Depois de fazer exercícios, decidiu caminhar de volta para casa.
Caminhava lentamente para que o corpo se acalmasse. A mochila preta e vermelha
pendia no ombro direito; os cabelos, que já precisavam de aparo, começavam a
ficar levemente molhados por causa da garoa
fina. Não tinha pressa de chegar. Tentava afastar a ideia, recusava-lhe a
atenção, certo de que se esvairia dentro de alguns instantes. E, conforme
previa, se esvaía. Ele dava-se como o vencedor, sem considerar que o ciclo retomava-se
a cada oportunidade, entremeava cada pensamento.
Temia ter de reconhecer o questionamento.
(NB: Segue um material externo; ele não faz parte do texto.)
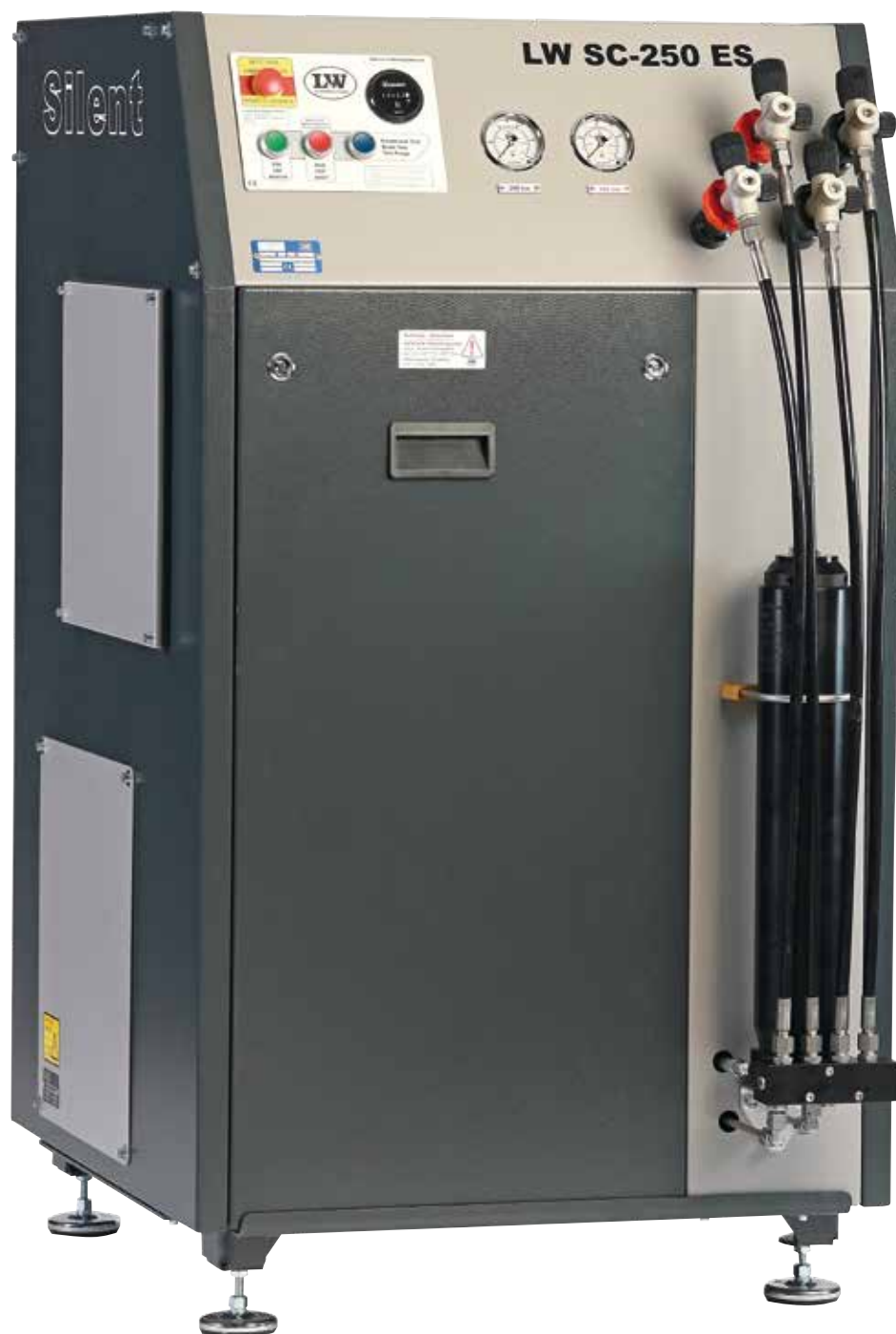
Figure with following options:

All models focus on high reliability, easy to operate and customized equipment.
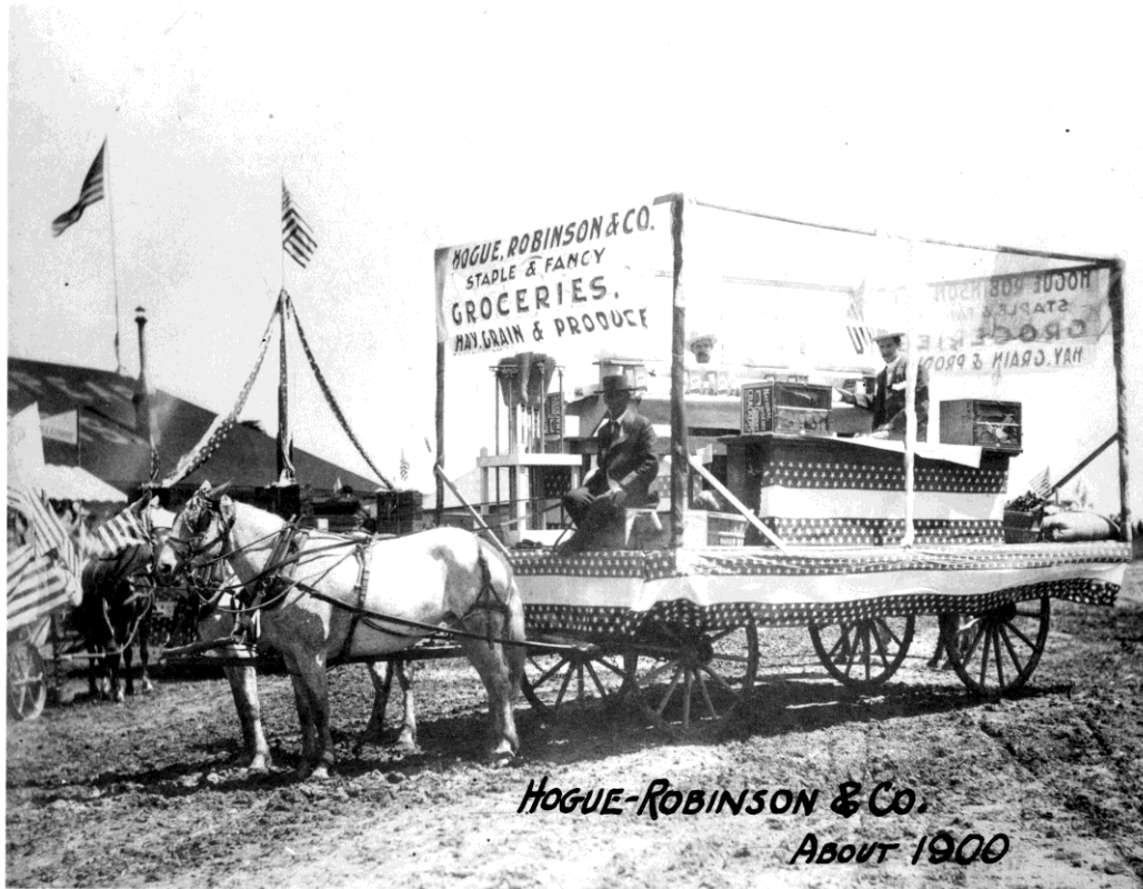
HOGUE-ROBINSON & CO. ABOUT 1900

Only historic reference found for this property, no photos.
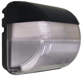
WPSS LED Series
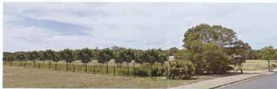
Concept of Fencing & Trees to be planted in existing drainage channel
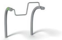
NWS113 Hand Cycle

HEIGHT: 116 cm LENGTH: 92 cm WIDTH: 93 cm IN-GROUND: 25 cm WEIGHT: 40 kg Free fall height: 116 cm ZONE: 11,6 m 2
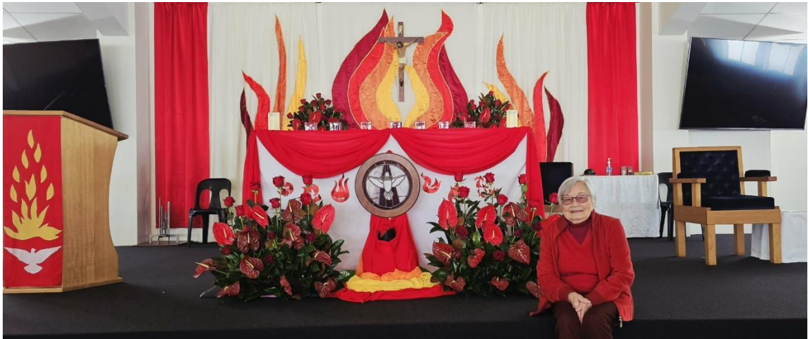
The altar is beautifully decorated.
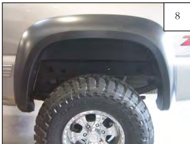
Completed rear flare installation.
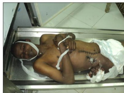
Organs removed, © Alganesh Fessaha, Gandhi Foundation
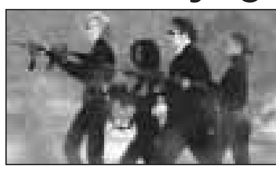
■ Carnival of violence

pend its disbelief' and think that what they see on the screen is any way real.
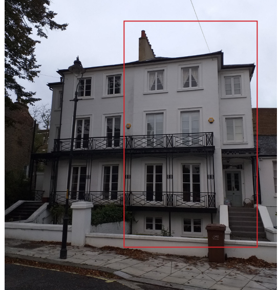
Front elevation from Champion Grove.
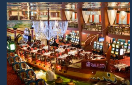
Hotel Korston, Kazan
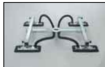
Cross yoke foot, (H-shaped), with four adjustable feet. Suitable for large steel sheets, board sheets etc. A large range available.
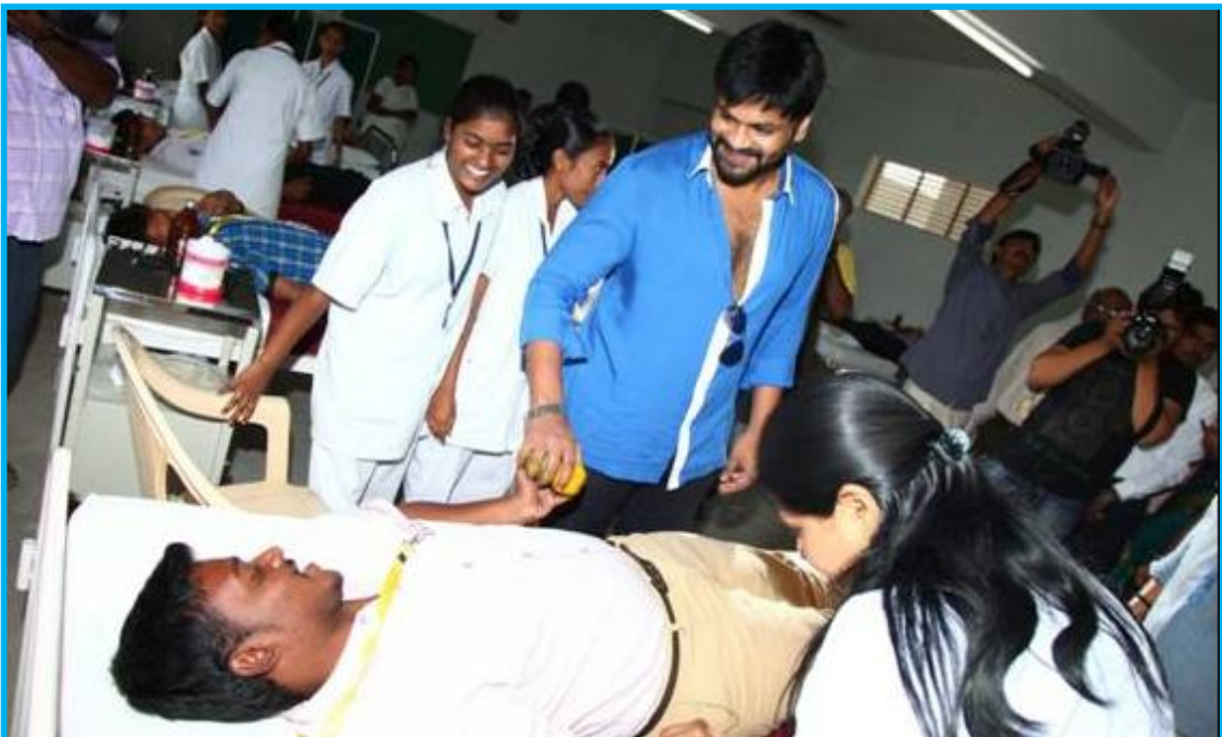
Sri Manoj Manchu, Popular Movie Artiste at Blood Donation Camp
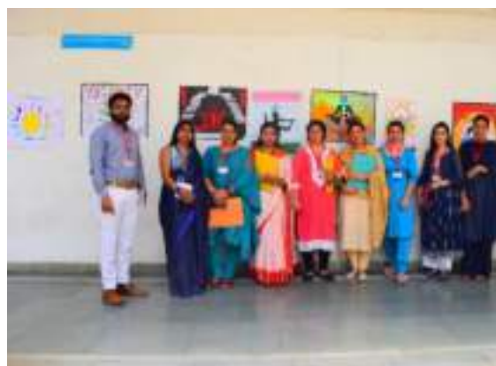
Faculty member judging charts
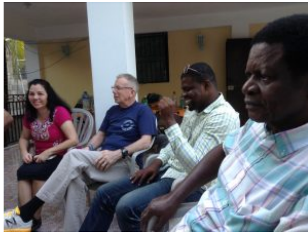
Meeting with different leaders
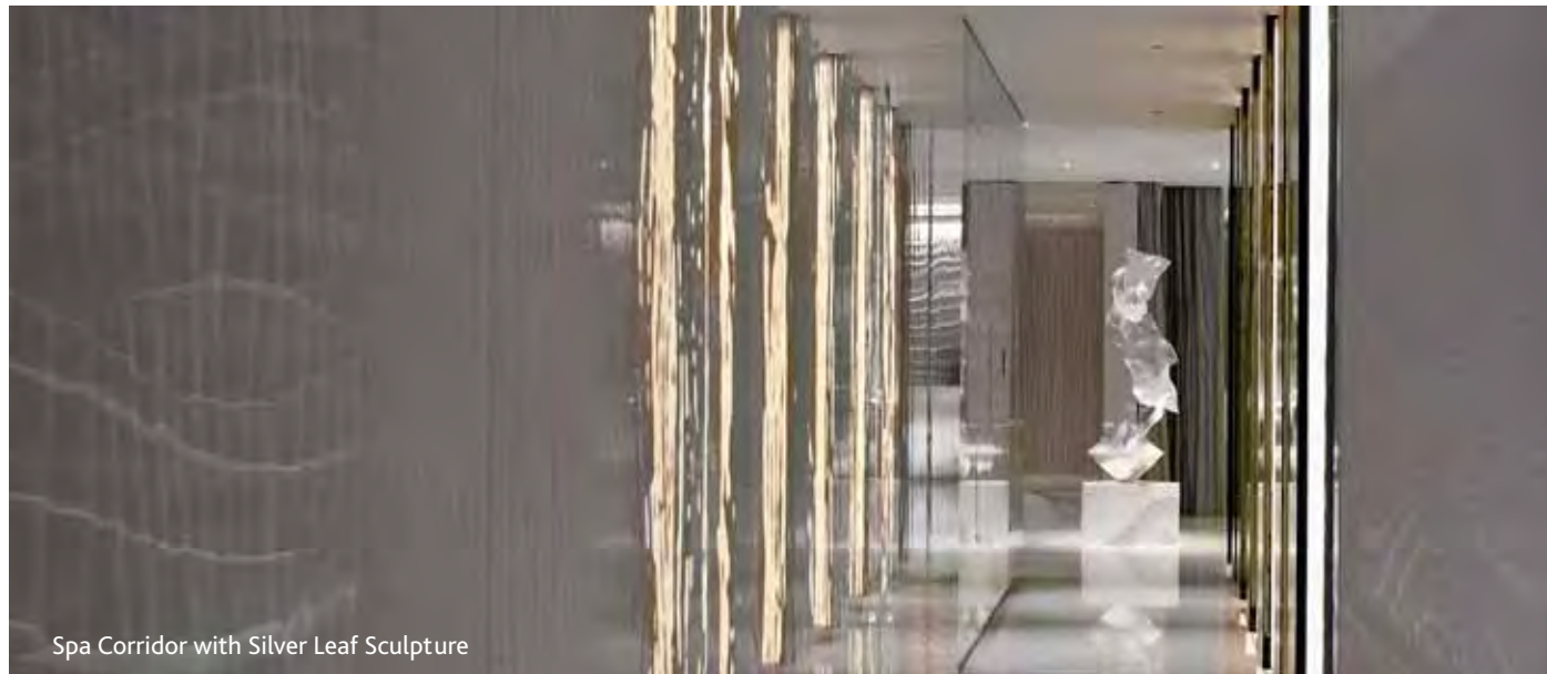
Spa Corridor with Silver Leaf Sculpture

A highly experienced naturopathic practitioner, your Gatekeeper is the first person we recommend meeting to be expertly assessed through an in-depth medical and lifestyle consultation and Iris diagnosis. Functional Diagnostic Laboratory tests may be suggested which can be performed on site or in the comfort of your own home. This information is then used to tailor your personal path to wellness and oversee each step of the journey.
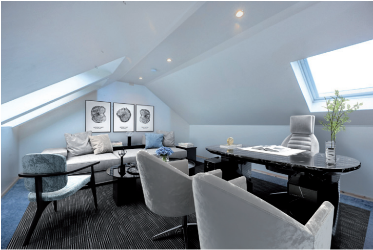
This image has been virtually staged for marketing purposes only.
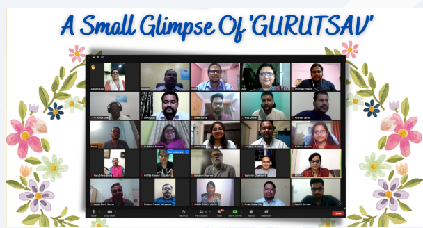
GURUTSAV celebration by AAWAZ
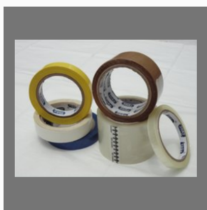
BOPP Colored Adhesive Tapes
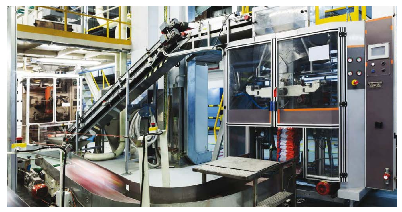
Optimized products for higher production output with less engineering efforts
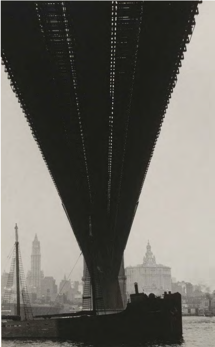
Walker Evans (1903–1975), Brooklyn Bridge, New York , 8.13/16x5.3/8", gelatin silver print, 1929, The Metropolitan Museum of Art.
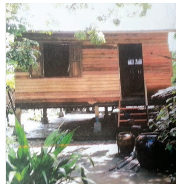
Khit Kabar Company is building affordable housing in villages in Thongwa Township, Yangon Region, with funding provided by the Rural Area Development Department.
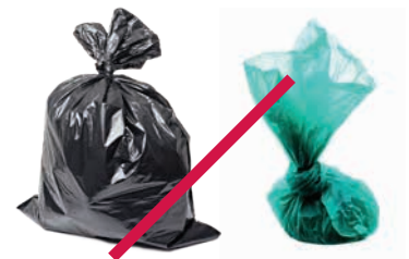
Trash & Pet Waste
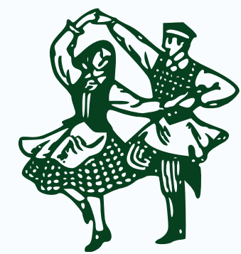
dance and games

Temia o momento em
que não conseguisse mais domá-lo, temia aquela hora em que o axioma invade,
toma conta da conta e se instala na alma, como o mais devastador tsunami. Dali,
sabia que não haveria volta. Por isso, evitava dar asas ao raciocínio. Sabia
que podia ser custoso. Começou a correr; gostava disso. E gostava da distração
que o movimento lhe causava. Uma gota escorria da franja e pingara no rosto, à
porta de casa.
Entrou, jogou a mochila no chão e prosseguiu. Viu pelas
costas aquela que o esperava; ela virou-se e gritou de felicidade. Ele fez um
sorriso. Ela exclamou novamente em voz alta. A dúvida alfinetou com força. Já era
tarde, não conseguiria contê-la. Fez outro sorriso e subiu as escadas. Calou-se,
na certeza de que amanhã seria um novo dia. Sempre esperava o novo dia, depois
da noite que tudo dissolvia. Por dentro, tudo emudeceu.